*** EXERCISE DATA Section Begins ***

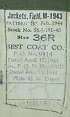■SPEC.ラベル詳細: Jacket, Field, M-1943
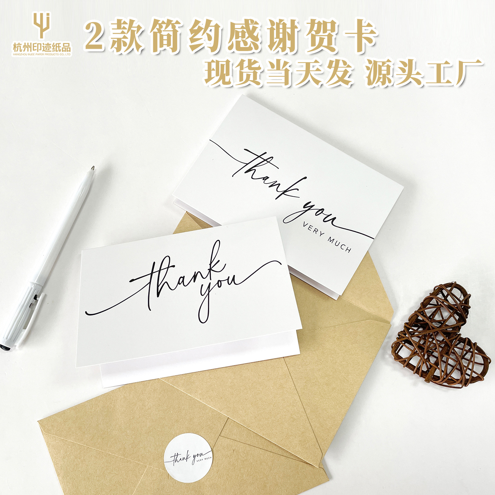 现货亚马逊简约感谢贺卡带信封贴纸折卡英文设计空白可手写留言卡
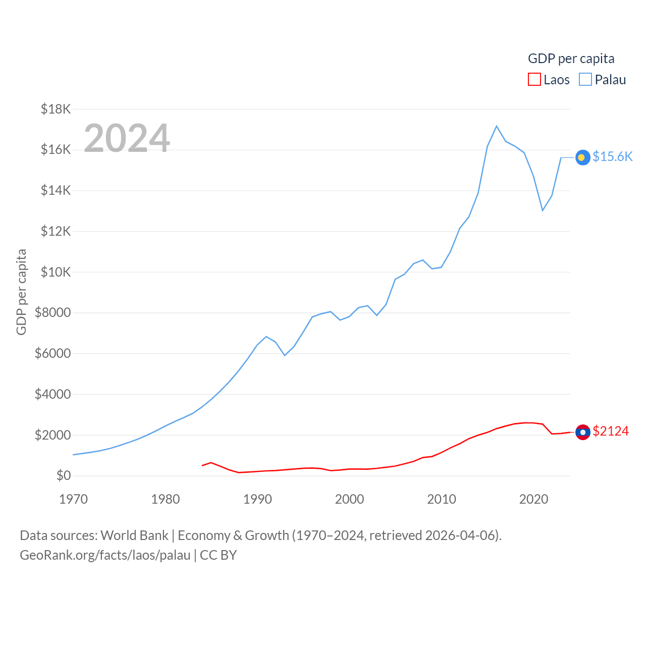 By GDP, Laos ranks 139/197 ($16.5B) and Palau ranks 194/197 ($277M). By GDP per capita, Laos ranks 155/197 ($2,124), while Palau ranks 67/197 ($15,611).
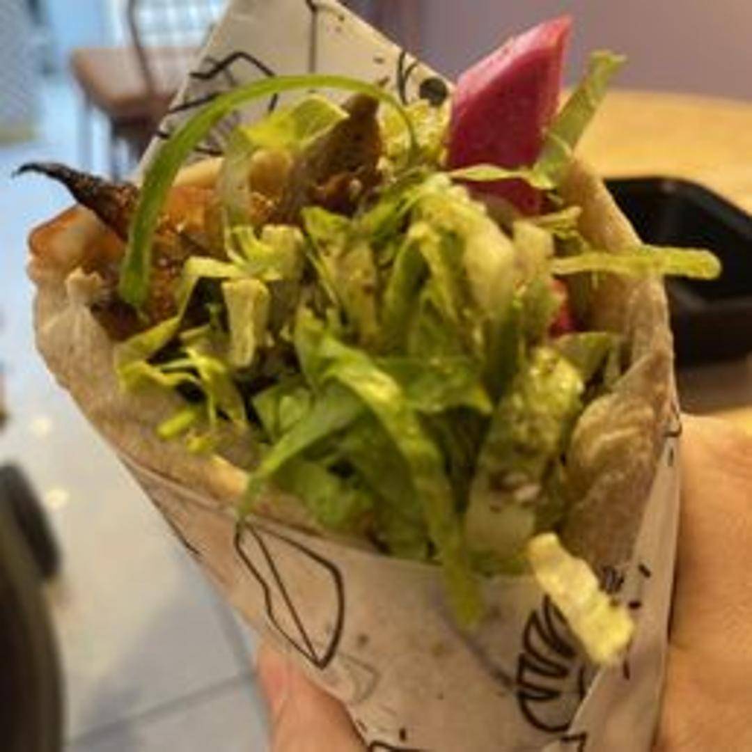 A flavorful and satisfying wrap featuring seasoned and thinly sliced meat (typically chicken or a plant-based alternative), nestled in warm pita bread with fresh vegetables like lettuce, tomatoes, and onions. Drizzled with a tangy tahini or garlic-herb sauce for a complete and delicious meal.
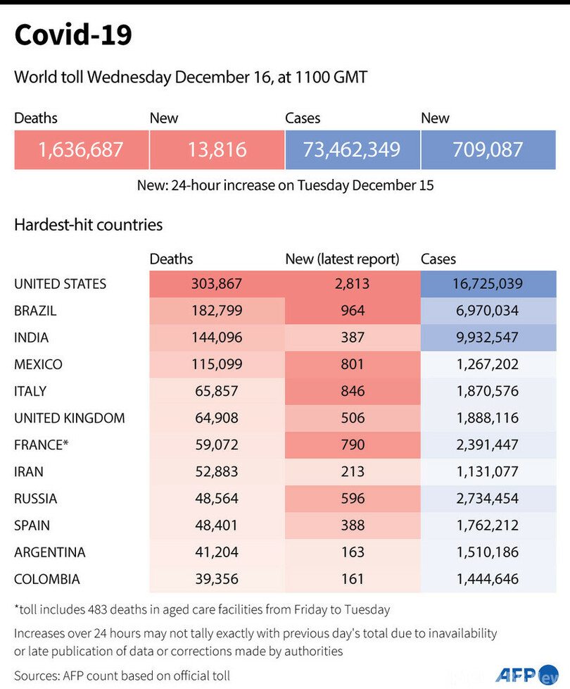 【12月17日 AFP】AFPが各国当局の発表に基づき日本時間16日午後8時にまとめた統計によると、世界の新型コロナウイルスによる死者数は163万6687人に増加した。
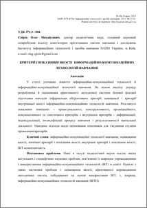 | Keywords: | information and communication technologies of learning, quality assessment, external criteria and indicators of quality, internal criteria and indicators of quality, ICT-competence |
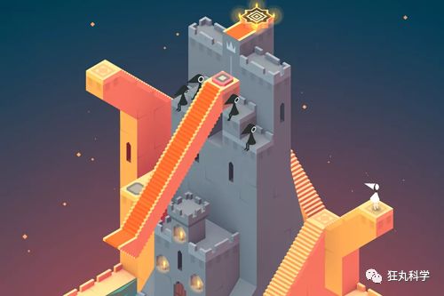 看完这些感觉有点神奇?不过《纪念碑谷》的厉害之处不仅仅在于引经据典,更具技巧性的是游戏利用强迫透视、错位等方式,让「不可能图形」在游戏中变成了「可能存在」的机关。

*** EXERCISE DATA Section Ends ***

### REQUIREMENT
For this exercise, restate the material exactly and skip every picture.

### ANSWER FOR THE TASK
■SPEC.ラベル詳細: Jacket, Field, M-1943
 现货亚马逊简约感谢贺卡带信封贴纸折卡英文设计空白可手写留言卡
 By GDP, Laos ranks 139/197 ($16.5B) and Palau ranks 194/197 ($277M). By GDP per capita, Laos ranks 155/197 ($2,124), while Palau ranks 67/197 ($15,611).
 A flavorful and satisfying wrap featuring seasoned and thinly sliced meat (typically chicken or a plant-based alternative), nestled in warm pita bread with fresh vegetables like lettuce, tomatoes, and onions. Drizzled with a tangy tahini or garlic-herb sauce for a complete and delicious meal.
 【12月17日 AFP】AFPが各国当局の発表に基づき日本時間16日午後8時にまとめた統計によると、世界の新型コロナウイルスによる死者数は163万6687人に増加した。
 | Keywords: | information and communication technologies of learning, quality assessment, external criteria and indicators of quality, internal criteria and indicators of quality, ICT-competence |
 看完这些感觉有点神奇?不过《纪念碑谷》的厉害之处不仅仅在于引经据典,更具技巧性的是游戏利用强迫透视、错位等方式,让「不可能图形」在游戏中变成了「可能存在」的机关。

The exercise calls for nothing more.